▶ [What is required] Using the listing below, give again exactly the lines from the line with "Lãnh đạo tỉnh" to the line with "凉州词(Liangzhou )又称凉州歌", inclusive, without the pictures.

══ Material provided ══

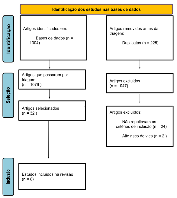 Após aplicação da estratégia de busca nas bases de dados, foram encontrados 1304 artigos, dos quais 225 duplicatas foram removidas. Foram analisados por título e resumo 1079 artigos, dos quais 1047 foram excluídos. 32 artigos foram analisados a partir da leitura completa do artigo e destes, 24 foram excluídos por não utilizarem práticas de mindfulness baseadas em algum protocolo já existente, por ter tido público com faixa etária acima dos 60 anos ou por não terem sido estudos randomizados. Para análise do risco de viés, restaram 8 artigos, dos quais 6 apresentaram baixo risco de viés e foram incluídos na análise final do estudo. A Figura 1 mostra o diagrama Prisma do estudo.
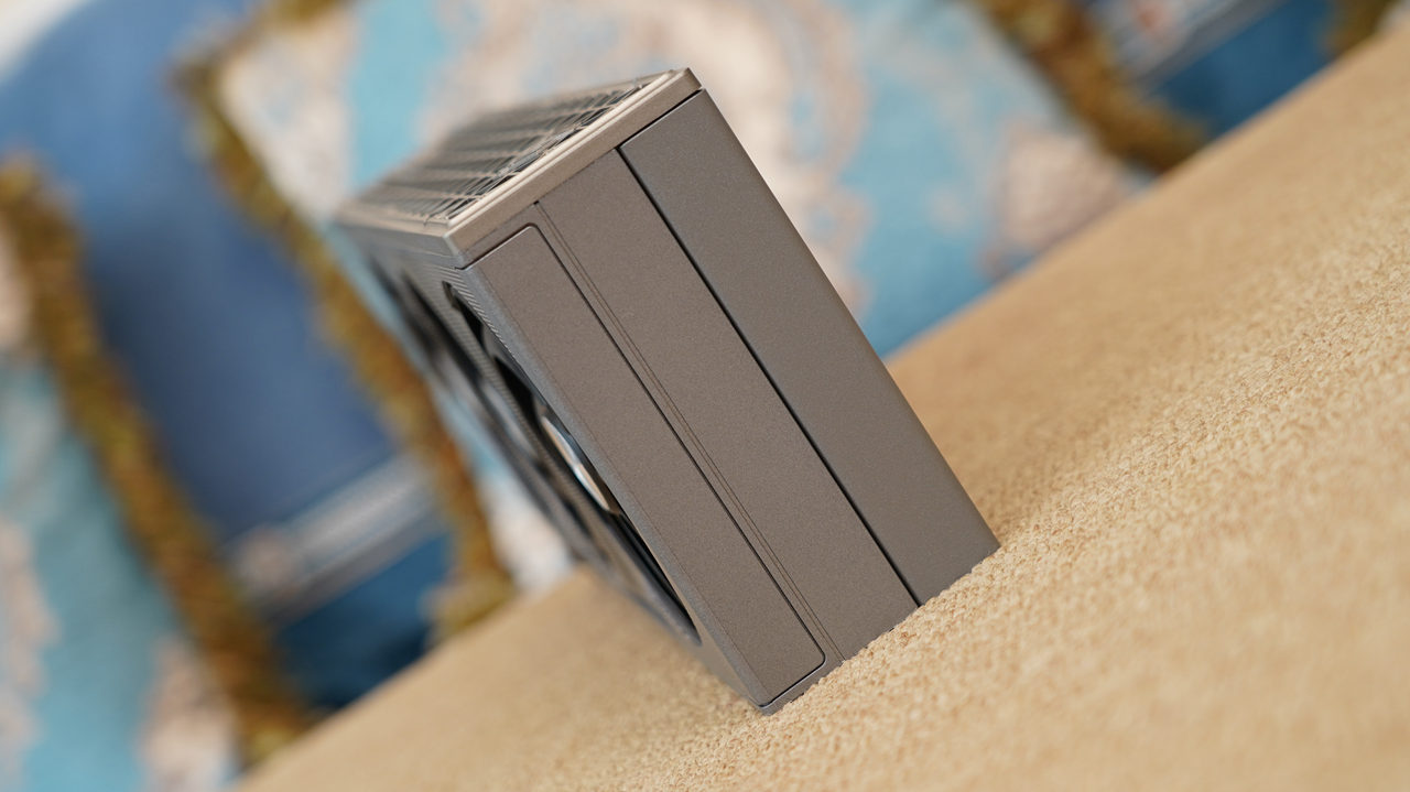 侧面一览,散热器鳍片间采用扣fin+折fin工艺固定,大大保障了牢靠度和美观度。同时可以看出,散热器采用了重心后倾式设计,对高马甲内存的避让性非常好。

═══
══ Material provided ══

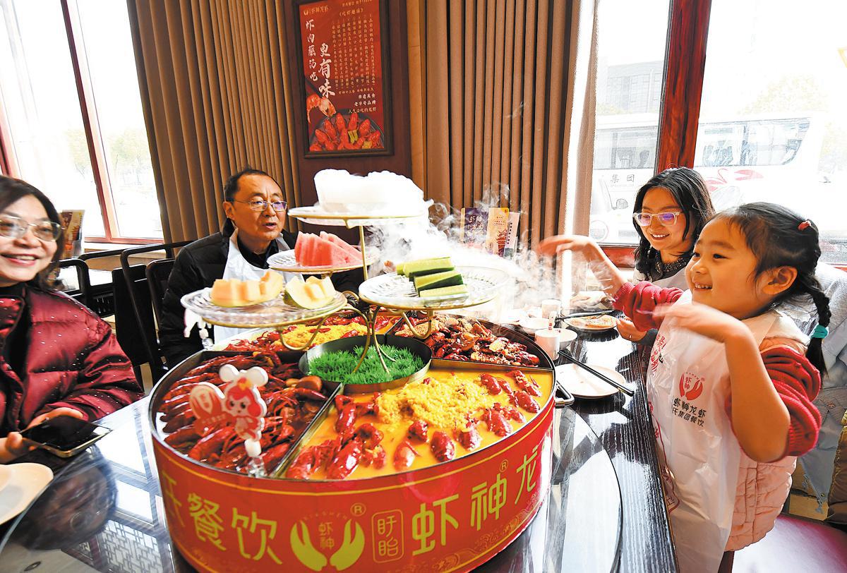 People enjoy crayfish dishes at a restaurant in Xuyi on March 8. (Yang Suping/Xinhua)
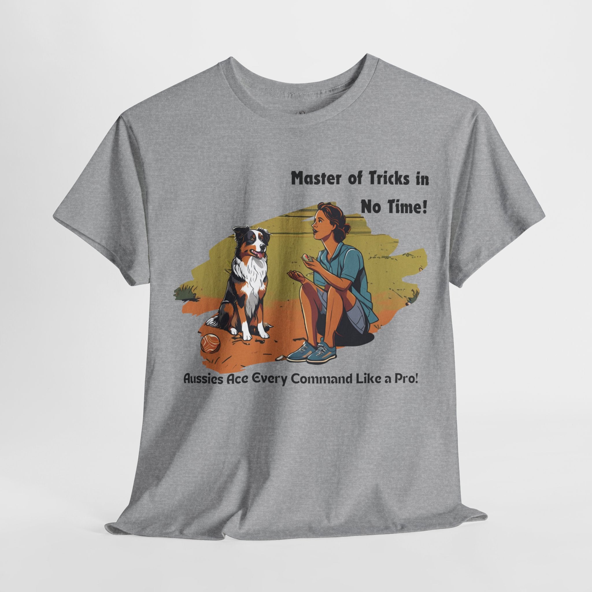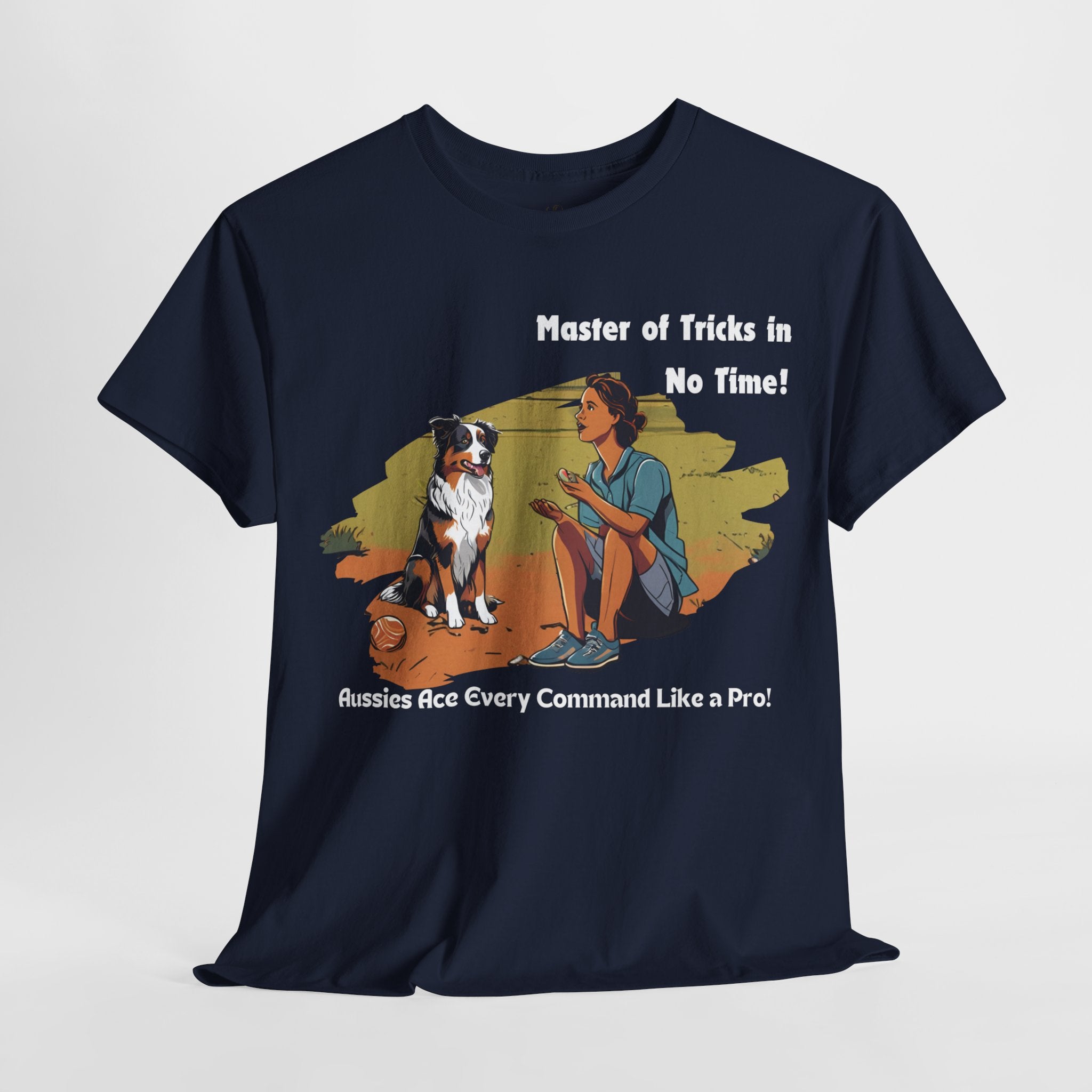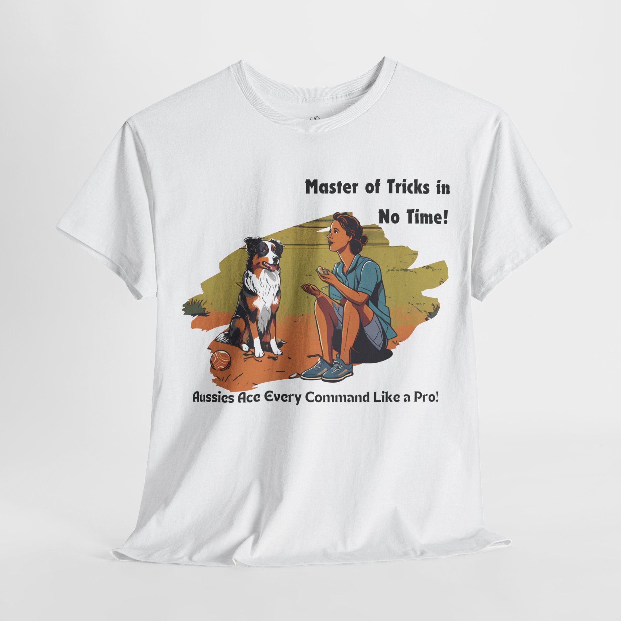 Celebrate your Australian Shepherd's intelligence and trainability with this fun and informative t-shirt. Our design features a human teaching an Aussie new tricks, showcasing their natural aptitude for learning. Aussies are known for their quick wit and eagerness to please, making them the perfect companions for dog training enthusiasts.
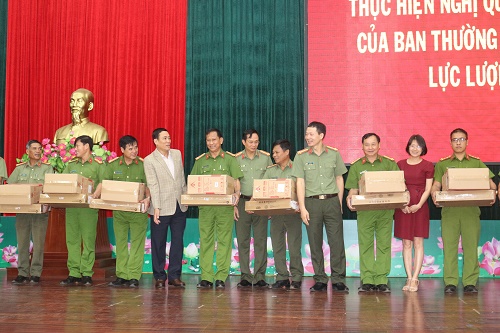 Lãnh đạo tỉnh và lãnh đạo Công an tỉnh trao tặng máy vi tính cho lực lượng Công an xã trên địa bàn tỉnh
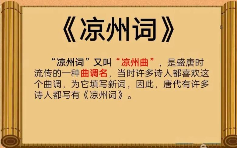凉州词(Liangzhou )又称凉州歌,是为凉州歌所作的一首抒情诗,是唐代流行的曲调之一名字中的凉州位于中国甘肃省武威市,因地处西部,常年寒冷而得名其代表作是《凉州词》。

═══

▶ [Result]
 Lãnh đạo tỉnh và lãnh đạo Công an tỉnh trao tặng máy vi tính cho lực lượng Công an xã trên địa bàn tỉnh
凉州词(Liangzhou )又称凉州歌,是为凉州歌所作的一首抒情诗,是唐代流行的曲调之一名字中的凉州位于中国甘肃省武威市,因地处西部,常年寒冷而得名其代表作是《凉州词》。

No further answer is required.